Appellate court sniping
continues at the Arkansas Justice Building.

The Arkansas Supreme Court today, in answering a question in an alimony dispute, took pains to note deficiencies in the Court of Appeals handling of the case despite a big staff.


Debra Mason is challenging a Circuit Court ruling on alimony awarded to her in 2011 from her former husband, Charles Mason. The circuit court terminated alimony based on a 2013 statute that allows termination of alimony when a party is cohabitating. She said the 2013 law should not be applied retroactively. The circuit court said it was not applied retroactively, but prospectively to future alimony payments. The Court of Appeals sent to the Supreme Court the question of validity and interpretation of the 2013 law.

The Supreme Court held that the 2013 law doesn’t automatically terminate alimony awards and sent the case back to the Court of Appeals for a hearing on the merits:


But … in a footnote, the Supreme Court decision by Justice Shawn Womack said, with pointed remarks emphasized:

We note that the briefs the court of appeals certified to us are deficient. The appellee raised his statutory argument in a motion for summary judgment. Debra 6led a response and Charles filed an additional reply. The circuit court held a hearing on May 5, 2014, and issued an order on June 17, 2014, denying the appellee’s motion for summary judgment.

None of the mentioned pleadings, hearings, orders, or briefs and exhibits are included in the abstract or addendum.

Our rules require that the parties include in the abstract and addendum everything that is essential to our understanding and ability to decide the issues on appeal. We typically require rebriefing when the briefs are insufficient for us to address the merits. We nevertheless did not order rebriefing from this court because we were able to answer the certified question without the additional information. We remand to the court of appeals to address the briefing deficiencies and the underlying merits of the case. It is unfortunate that this case was certified to our court in its current state. ‘We note that with twelve judges, twenty-four law clerks, and four staff attorneys, that the court of appeals has sufficient resources to spot such deficiencies. In the future, we expect the court of appeals to ensure that the briefs comply with our rules prior to certifying a case to this court.

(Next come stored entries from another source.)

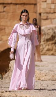 كان للفساتين المصممة بقصة القميص حصة كبيرة ضمن مجموعات الأزياء الجاهزة هذا الموسم، وقدمت بأشكال متنوعة كفيلة بإرضاء كافة الأذواق، ولكننا أحببنا الفستان الناعم المحتشم والطويل والمصمم بإحدى نغمات الزهري الفاتحة التي تميل للون الليلك من مجموعة المصمم جورج حبيقة Georges Hobeika، ويمكنك تنسيقه مع حذاء مدبب أبيض بكعب رفيع قصير، واحملي حقيبة صغيرة من نفس لونه، وزيني الطلة بأقراط طويلة مرصعة وساعة من الذهب الأبيض.
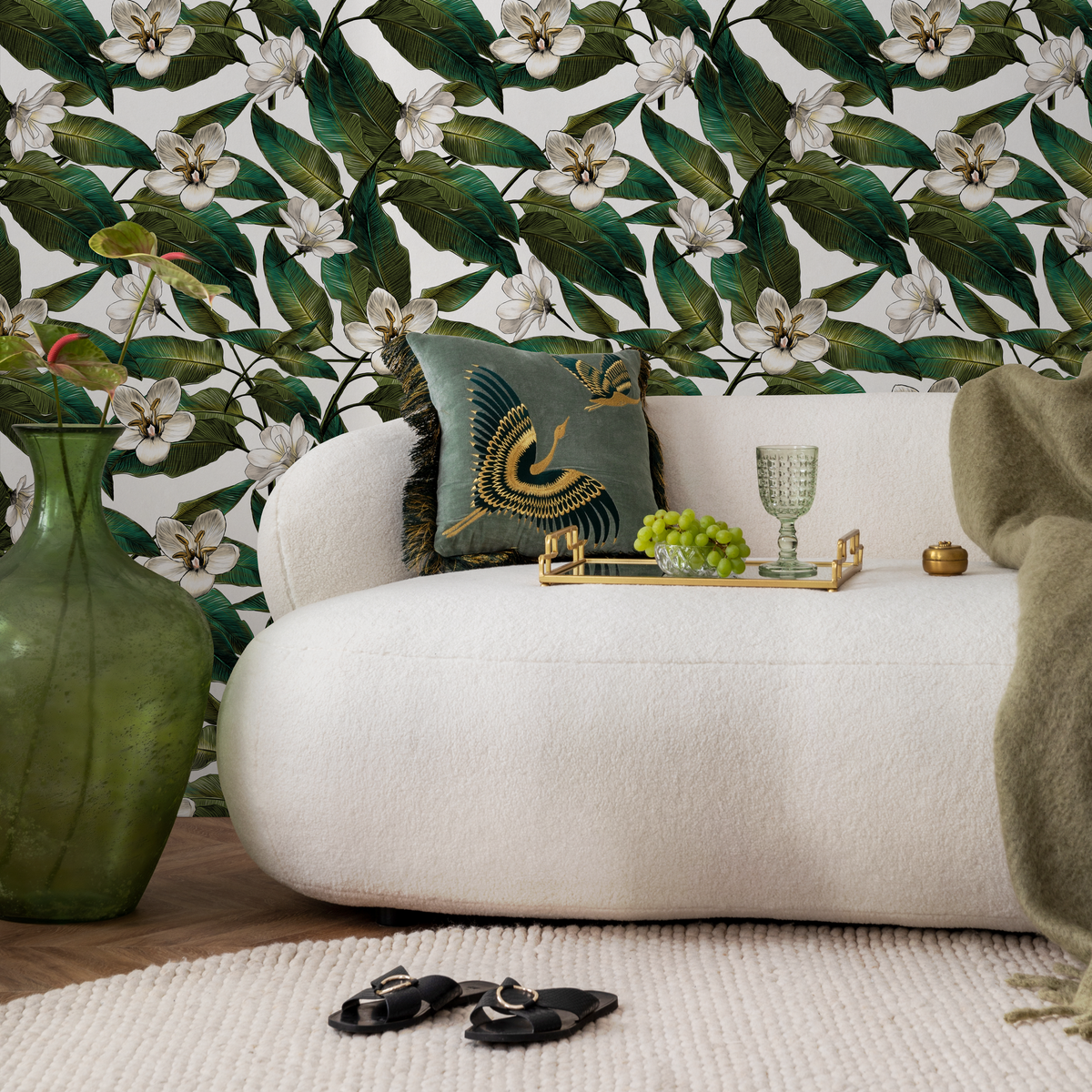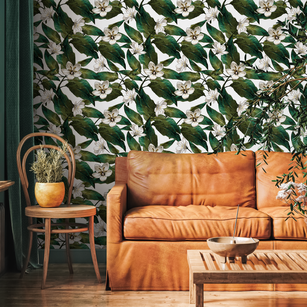 Transform your home with our stunning Botanical Wallpaper, featuring lush tropical leaves and elegant white flowers in a classic green and white palette. This vintage-inspired wall art brings a touch of nature's tranquility indoors, creating a sophisticated and refreshing atmosphere. Perfect for anyone seeking a bold yet elegant home decor update, this removable wallpaper offers an effortless way to express your personal style.
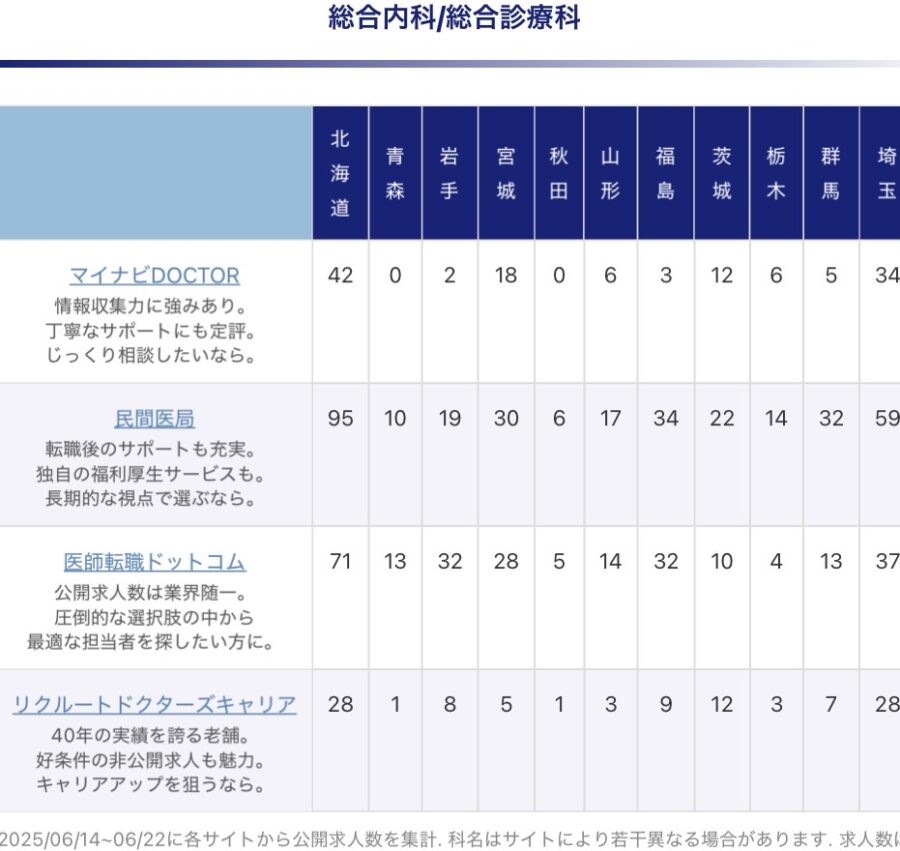 - 診療科によって強みが違う (例:リハビリ科に強いサイト、消化器内科の非公開求人が多いサイト)
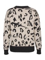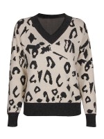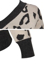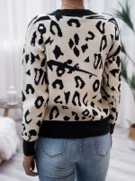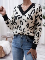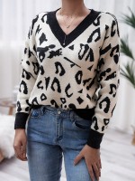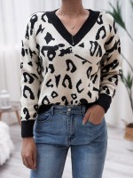 White Casual V-Neck Long Sleeve Leopard Knitted Sweater
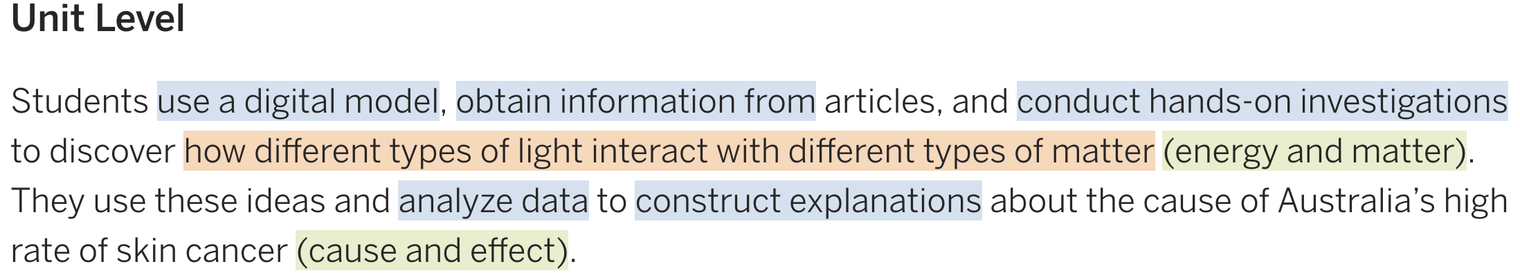 In order to help teachers recognize the three-dimensional structure of every unit, chapter, and lesson in Amplify Science, each unit contains a 3-D Statement document that makes the integration clear. The 3-D Statement document is made all the more effective by color-coding the three dimensions for easy recognition.

Chief Justice Dan Kemp dissented from the majority opinion. He said he wouldn’t have even answered the certified question “Because appellant Debra Mason has submitted a brief with a deficient abstract and addendum in violation of Arkansas Supreme Court Rule 4-2(a)(5), (8) (2016).”


This is the latest of sniping that broke out in the open when a Court of Appeals opinion complained about the way the Supreme Court had dumped some new prisoner appeal work on the Court of Appeals despite a staff of attorneys to work on such cases. That drew a sharp rejoinder from the Supreme Court and Rita Gruber, chief judge of the Court of Appeals, was called in for an ambush personal remonstrance by the full Supreme Court.  A backdrop to the feuding is long-simmering unhappiness at the Supreme Court that they make only $5,000 a year more than Court of Appeals judges, who also get mileage expenses for travel to homes in the districts from which they are required to run. The Supreme Court is elected statewide.

Kemp recently asked the state pay commission for an 11 percent pay increase for justices, who make $166,500 and a 2 percent raise for the Court of Appeals, whose judges make $161,500. The pay commission recommended a 2 percent increase for all.